Seine Beschreibung seiner Telefonanrufe ist der erste öffentliche Bericht eines Migranten, der direkt mit der englischen und französischen Polizei sprach, um den Untergang zu melden.

Ein paar Minuten, nachdem sie die Leichen gesehen hatten, sagten Hamawandani und Mangury, sie sahen a meist untergetauchtes, entleertes Boot, an dem sich mindestens zwei Personen festklammerten – vermutlich die einzigen Überlebenden eines Migrantenbootes, das am 24. November im Kanal sank.

„Sie schrien; wir konnten sie um Hilfe rufen hören“, sagte Hamawandani, ein 21-jähriger irakischer Kurde.

Schließlich rettete die britische Küstenwache Hamawandanis Schiff, und ein französisches Fischerboot holte die beiden Überlebenden des gesunkenen Bootes ab.

In Berichten aus Städten und Gemeinden in der irakischen Region Kurdistan, aus denen viele der Opfer kamen, Meine Kollegen und ich hörten zum ersten Mal von Hamawandani von seiner Familie, die befürchtete, eines der Opfer gewesen zu sein, nachdem er ihnen erzählt hatte, dass er in einem Boot den Kanal überquert hatte und dann den Kontakt verloren hatte.

Hamawandani hat uns schließlich zu Mangury durchgestellt, die mit uns am selben Telefon telefoniert hat. Eine Ortungs-App zeigte an, dass sie sich in einer Einrichtung befanden, die von lokalen Einwanderungsaktivisten bestätigt wurde, um Migranten in Crawley, einer Stadt in Südengland, unterzubringen.

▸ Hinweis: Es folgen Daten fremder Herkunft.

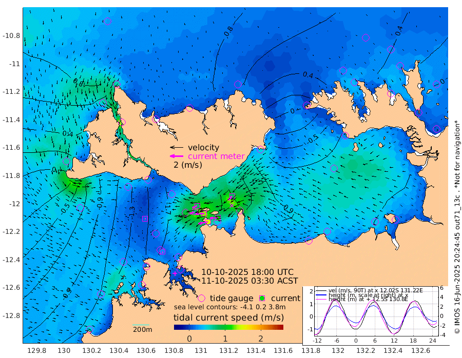 148cm/s -101T +4cm/s rms + 6cm/s 51T. Darwin_C1 52m 117cm/s -91T +4cm/s rms + 7cm/s -161T. Darwin_CW1 22m 74cm/s -107T +4cm/s rms + 8cm/s 61T. Darwin_CW2 34m 80cm/s -135T +3cm/s rms + 9cm/s 98T. Darwin_CW3 22m 131cm/s -91T +5cm/s rms + 7cm/s 88T. Darwin_C3 56m 77cm/s -115T +2cm/s rms + 9cm/s -126T. Darwin_CTbW 22m 14cm/s 122T +1cm/s rms + 1cm/s -47T. DARBGF 30m 22cm/s 154T +4cm/s rms + 3cm/s 80T. NRSDAR 19m 96cm Goodrich Bank -75cm Point Jenny -73cm Native Point -87cm Fish Reef -104cm Tapa Bay 27cm Point Fawcett (Offshore) -123cm Burge Point -108cm Munkunuwa -35cm Beagle A -139cm Parsons Bank -107cm Fenton Patches -140cm Hancox Shoal Area -138cm Nightcliff -151cm Darwin -107cm Charles Point Patches -123cm Glyde Point -133cm Chambers Bay -142cm Point Stuart -117cm Cape Hotham -120cm Christine Reef -162cm West Alligator Head -159cm East Field Island -104cm Two Hills Bay -91cm Camp Point -101cm Medina Inlet South 35cm South Barlow Point 65cm St. Asaph Bay 94cm Cape Van Dieman 87cm Snake Bay 89cm Cache Point 57cm Point Jahleel (Off) -7cm Cape Don 46cm Port Essington 45cm Smith Point - West 46cm NW Peacock Island 70cm North Of Jones Shoal 22cm Peacock Island 8cm Point David 40cm D'urville Point 1cm Copeland Island 16cm One Tree Point

Die Katastrophe hat den Bemühungen europäischer Länder, risikoreiche Kanalübergänge besser zu kontrollieren, eine neue Dringlichkeit verliehen. Aktivisten glauben auch, dass die Todesfälle, zu denen auch Kinder gehörten, auf eine umstrittene, ineffektive Partnerschaft zwischen Großbritannien und Frankreich hinweisen, die es nicht geschafft hat, die Protokolle zur Rettung von Migranten in Not zu verbessern.

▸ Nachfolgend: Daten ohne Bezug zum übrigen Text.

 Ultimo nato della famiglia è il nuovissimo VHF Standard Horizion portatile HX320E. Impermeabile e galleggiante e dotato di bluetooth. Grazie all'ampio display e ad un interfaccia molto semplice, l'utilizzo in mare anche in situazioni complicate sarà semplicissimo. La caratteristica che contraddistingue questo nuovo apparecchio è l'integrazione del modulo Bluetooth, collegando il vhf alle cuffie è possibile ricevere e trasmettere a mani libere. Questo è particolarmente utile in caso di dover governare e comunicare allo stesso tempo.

Hamawandani und Mangury machten sich mit 23 anderen Menschen frühzeitig auf den Weg 24. November. Nach mehr als 10 Stunden im Wasser versagte der Motor ihres eigenen Bootes und ihnen ging der Treibstoff aus, als sie die Leichen entdeckten.

Mangury sagte, ihr Boot sei in französischen Gewässern gewesen, als sie sahen, wie sich die beiden Leute an das entleerte Boot klammerten. Er rief 112 an, die französische Notrufnummer. „Ich habe ihnen gesagt, dass ein Boot kaputt ist und Menschen tot sind. Bitte helfen Sie ihnen und helfen Sie uns“, sagte er.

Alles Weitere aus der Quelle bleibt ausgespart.